---------- DATASET ENTRIES

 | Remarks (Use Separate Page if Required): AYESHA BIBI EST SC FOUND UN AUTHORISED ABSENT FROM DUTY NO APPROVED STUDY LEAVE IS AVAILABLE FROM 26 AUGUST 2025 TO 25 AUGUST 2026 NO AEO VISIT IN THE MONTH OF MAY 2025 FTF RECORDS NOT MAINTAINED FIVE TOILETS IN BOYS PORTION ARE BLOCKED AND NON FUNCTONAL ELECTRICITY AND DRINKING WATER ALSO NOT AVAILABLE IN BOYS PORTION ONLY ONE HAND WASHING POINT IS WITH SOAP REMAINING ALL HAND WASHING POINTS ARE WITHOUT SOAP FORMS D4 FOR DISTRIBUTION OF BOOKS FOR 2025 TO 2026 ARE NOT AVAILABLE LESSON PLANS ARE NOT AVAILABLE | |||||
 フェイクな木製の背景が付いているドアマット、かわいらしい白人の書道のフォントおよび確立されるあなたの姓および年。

--------------------
---------- DATASET ENTRIES

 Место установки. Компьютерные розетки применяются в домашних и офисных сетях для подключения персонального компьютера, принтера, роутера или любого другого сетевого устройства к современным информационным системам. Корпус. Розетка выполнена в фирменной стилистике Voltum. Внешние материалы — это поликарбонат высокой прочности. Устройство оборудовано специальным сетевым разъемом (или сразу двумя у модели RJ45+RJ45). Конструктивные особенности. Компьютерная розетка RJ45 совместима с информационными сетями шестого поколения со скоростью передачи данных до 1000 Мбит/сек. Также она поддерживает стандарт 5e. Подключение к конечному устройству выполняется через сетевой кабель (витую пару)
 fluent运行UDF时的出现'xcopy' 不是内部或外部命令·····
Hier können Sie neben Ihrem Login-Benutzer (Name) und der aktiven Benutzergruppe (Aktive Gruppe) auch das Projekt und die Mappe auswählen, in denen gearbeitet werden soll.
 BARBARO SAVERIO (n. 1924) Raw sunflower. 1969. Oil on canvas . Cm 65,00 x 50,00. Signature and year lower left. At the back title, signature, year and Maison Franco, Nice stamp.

--------------------
---------- DATASET ENTRIES

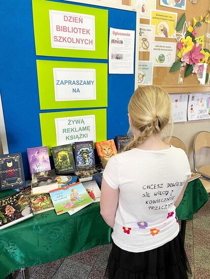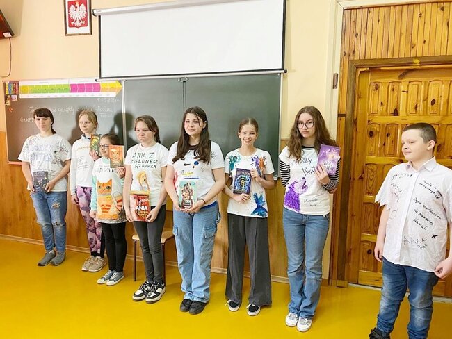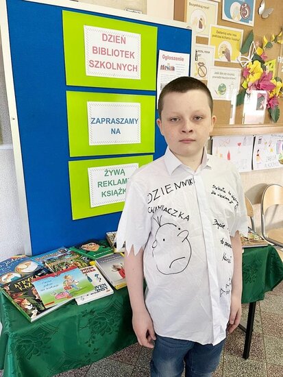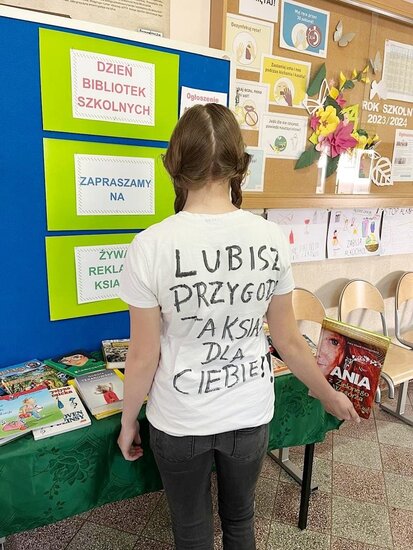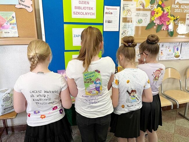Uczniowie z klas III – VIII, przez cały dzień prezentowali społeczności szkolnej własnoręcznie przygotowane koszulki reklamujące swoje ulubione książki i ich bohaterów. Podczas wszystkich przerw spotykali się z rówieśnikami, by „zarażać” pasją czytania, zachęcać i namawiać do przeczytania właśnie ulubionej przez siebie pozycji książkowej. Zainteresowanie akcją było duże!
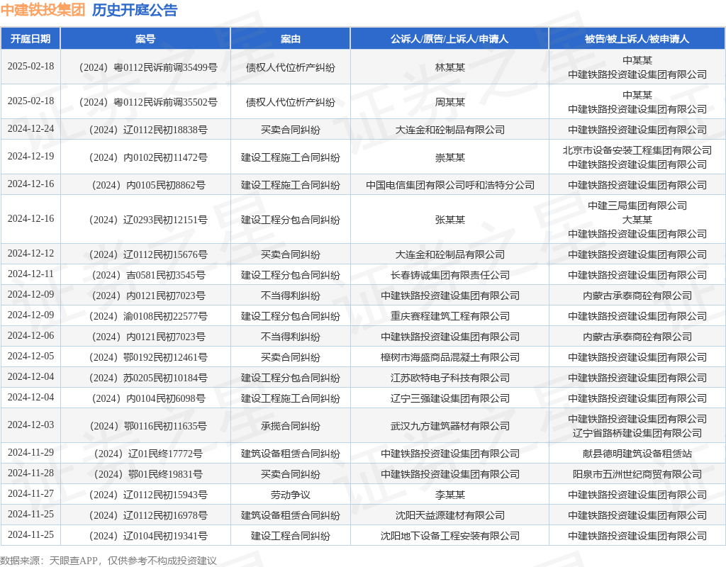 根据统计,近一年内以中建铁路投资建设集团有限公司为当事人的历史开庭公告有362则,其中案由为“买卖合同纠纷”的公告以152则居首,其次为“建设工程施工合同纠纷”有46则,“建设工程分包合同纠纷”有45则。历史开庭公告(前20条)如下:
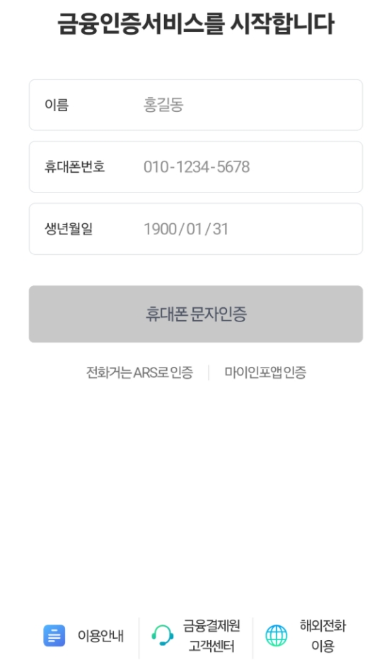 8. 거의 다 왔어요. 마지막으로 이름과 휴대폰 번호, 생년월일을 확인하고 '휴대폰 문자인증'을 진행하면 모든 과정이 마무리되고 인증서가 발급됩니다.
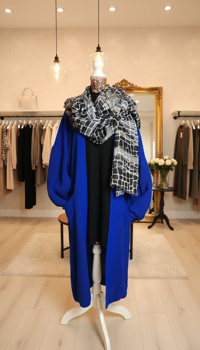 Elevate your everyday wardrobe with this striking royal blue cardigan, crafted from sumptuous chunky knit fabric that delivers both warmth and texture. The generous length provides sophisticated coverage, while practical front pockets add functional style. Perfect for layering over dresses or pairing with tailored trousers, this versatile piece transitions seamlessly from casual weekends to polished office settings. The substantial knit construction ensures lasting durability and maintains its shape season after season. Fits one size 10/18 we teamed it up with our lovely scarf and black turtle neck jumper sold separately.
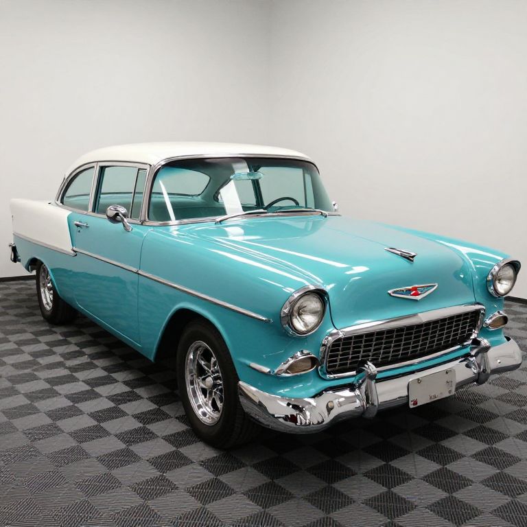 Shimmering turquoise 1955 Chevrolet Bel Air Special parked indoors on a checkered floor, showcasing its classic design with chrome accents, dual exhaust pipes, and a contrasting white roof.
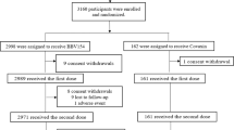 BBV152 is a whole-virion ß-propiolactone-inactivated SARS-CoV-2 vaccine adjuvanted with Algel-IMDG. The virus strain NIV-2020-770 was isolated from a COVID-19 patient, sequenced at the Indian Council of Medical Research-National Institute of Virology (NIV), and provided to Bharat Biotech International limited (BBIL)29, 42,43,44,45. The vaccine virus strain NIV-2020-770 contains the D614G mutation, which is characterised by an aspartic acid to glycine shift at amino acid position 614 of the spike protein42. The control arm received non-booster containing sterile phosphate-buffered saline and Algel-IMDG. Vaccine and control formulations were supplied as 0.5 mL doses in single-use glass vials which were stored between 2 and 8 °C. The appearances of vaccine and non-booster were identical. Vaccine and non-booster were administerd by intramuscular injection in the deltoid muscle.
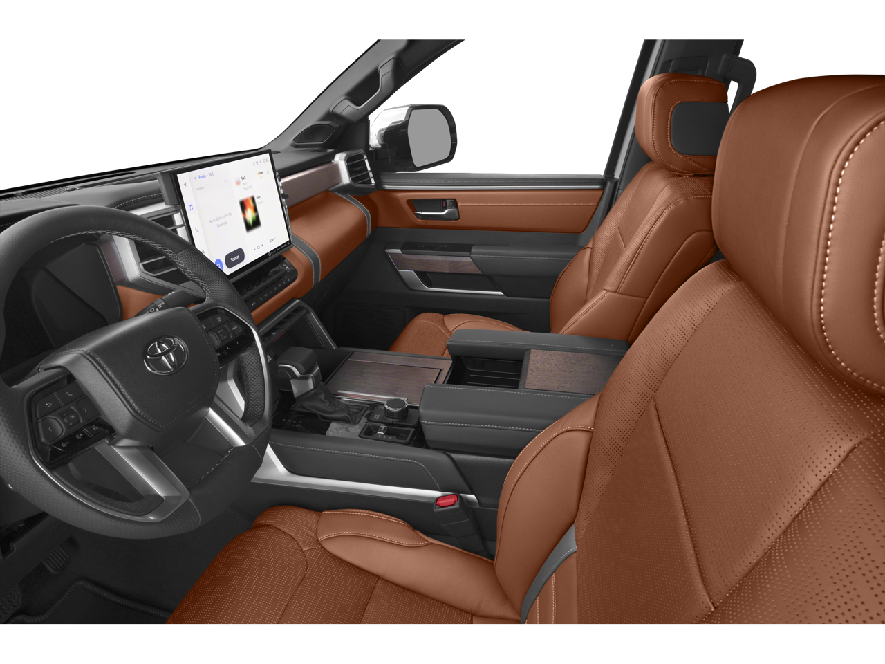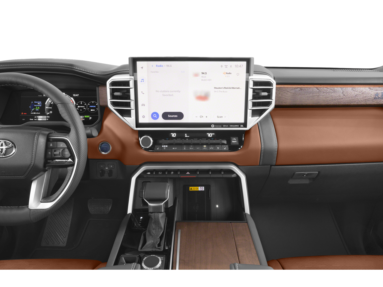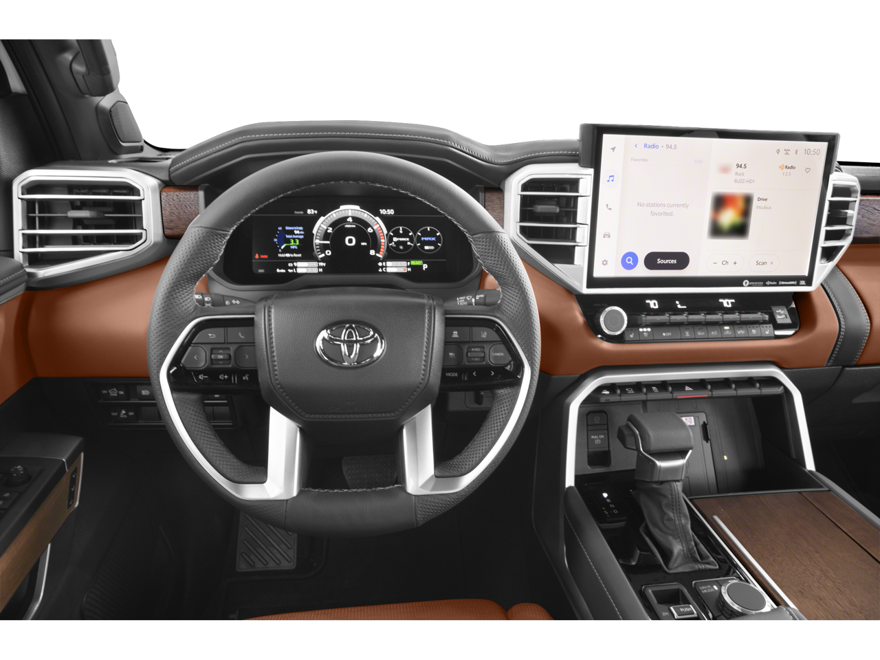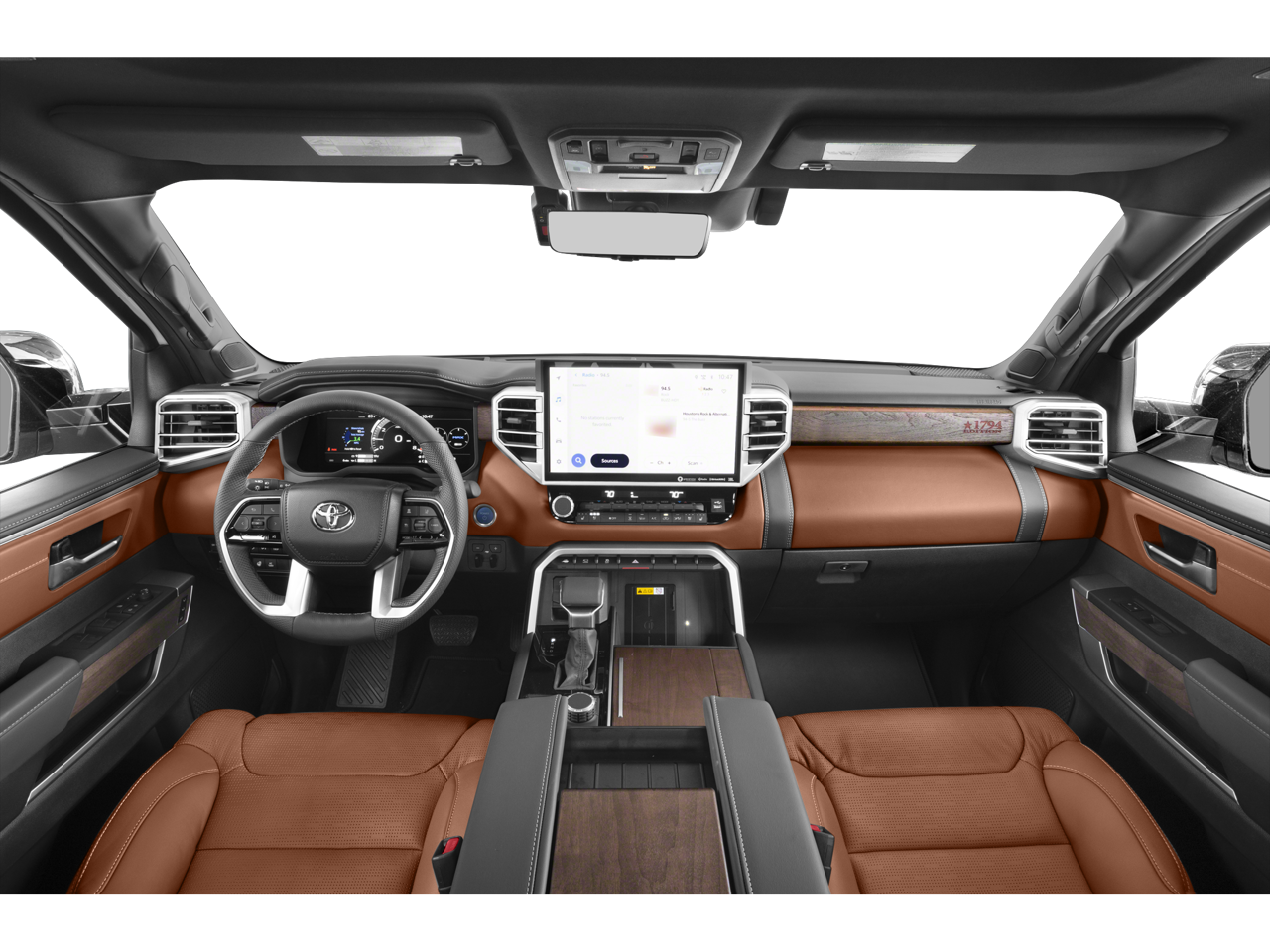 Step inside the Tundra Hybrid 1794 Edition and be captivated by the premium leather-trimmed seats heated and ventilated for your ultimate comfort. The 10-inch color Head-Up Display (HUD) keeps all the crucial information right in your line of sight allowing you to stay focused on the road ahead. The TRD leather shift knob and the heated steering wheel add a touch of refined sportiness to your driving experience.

--------------------

● **EXERCISE AIM**:
Treat the line with "根据统计,近一年内以中建铁路" as the start and the line with "8. 거의 다 왔어요." as the end, and return exactly that span of the data above, both ends included, without pictures.

● **YOUR RESPONSE**:
 根据统计,近一年内以中建铁路投资建设集团有限公司为当事人的历史开庭公告有362则,其中案由为“买卖合同纠纷”的公告以152则居首,其次为“建设工程施工合同纠纷”有46则,“建设工程分包合同纠纷”有45则。历史开庭公告(前20条)如下:
 8. 거의 다 왔어요. 마지막으로 이름과 휴대폰 번호, 생년월일을 확인하고 '휴대폰 문자인증'을 진행하면 모든 과정이 마무리되고 인증서가 발급됩니다.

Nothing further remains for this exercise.